北朝鮮は憲法の名称から「社会主義」の文言を削除し、新たに警察制度を導入する方針を示した。従来の体制色を弱め、「通常の国家」に近い外形を整えようとする動きとして注目されている。

朝鮮労働党機関紙・労働新聞によると、最高人民会議で従来の「朝鮮民主主義人民共和国社会主義憲法」という名称を「朝鮮民主主義人民共和国憲法」に変更した。

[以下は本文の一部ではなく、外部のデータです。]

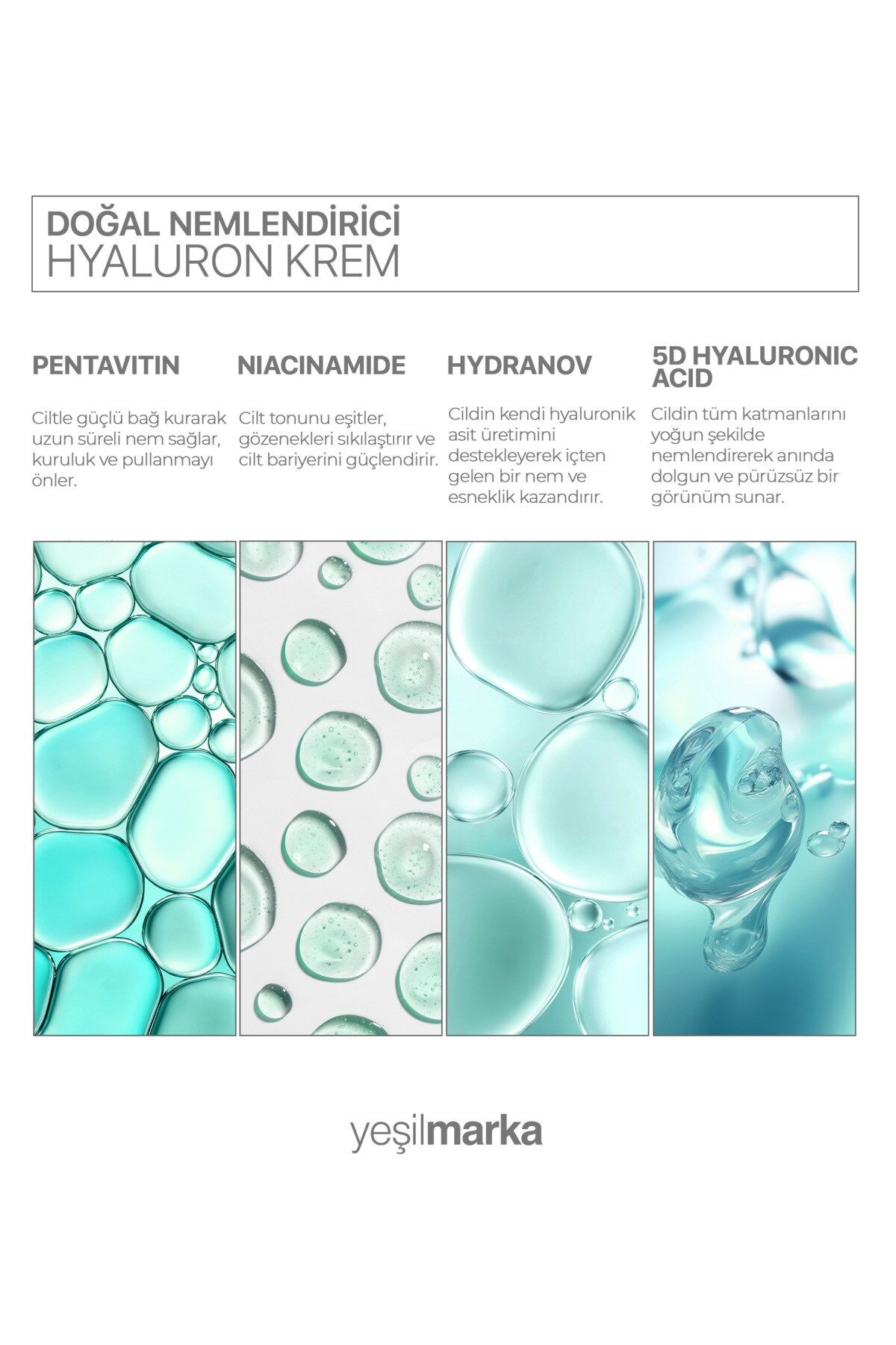 Yeşilmarka Su Bazlı Nemlendirici Yüz Kremi Hyaluronik Asit Ve Dolgunlaştırıcı Etki Ile 72 Saat Nem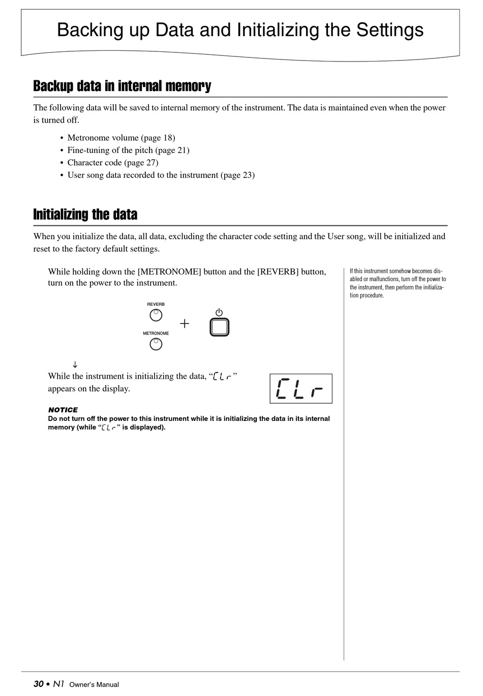 When you initialize the data, all data, excluding the character code setting and the User song, will be initialized and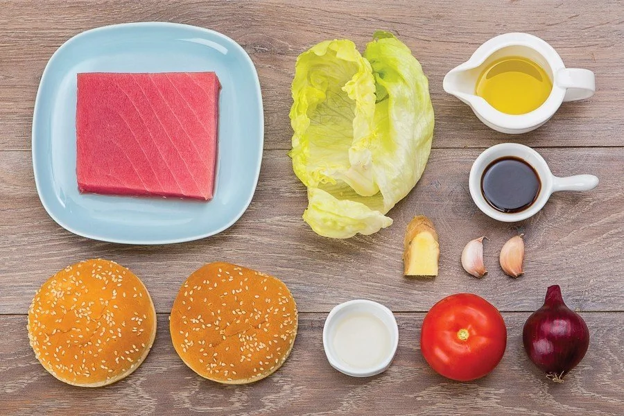 Ингредиенты для приготовления Бургер с тунцом, луком и помидором: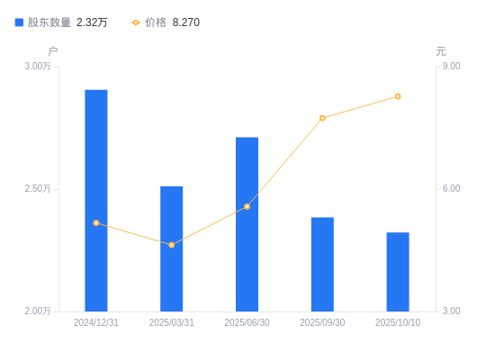 近一年(2024年9月30日至2025年9月30日),星徽股份A股股东户数从2.32万户,增加至2.38万户,增幅2.67%,区间股价上涨82.12%。

1972年のキム・イルソン(金日成)時代から使われてきた表現を改めたもので、社会主義国家としての理念よりも、国家としての一般的な位置づけを強調する意図があるとみられる。

また、キム・ジョンウン(金正恩)総書記は演説で、新たに「警察制度」を導入する方針も表明した。国内の治安維持や法制度の整備を強化する目的とされ、「警察という言葉自体は問題ではない」と強調し、制度の専門化・細分化の必要性を訴えた。将来的には他国の警察機関との協力も視野に入れているとみられる。

北朝鮮ではこれまで、国家保衛省や社会安全省などが実質的な警察機能を担ってきたが、今回の制度導入により役割や組織構造の再編が進む可能性がある。あわせて国家保衛省の名称を「国家情報局」に変更するなど、情報機関のイメージ刷新も図られている。

専門家は、こうした一連の措置について、国際社会との関係拡大を視野に入れた制度整備の一環と分析する。西側諸国で一般的な制度や名称を採用することで、外交上の制約を減らし、国家としての「通常性」を示す狙いがあると指摘されている。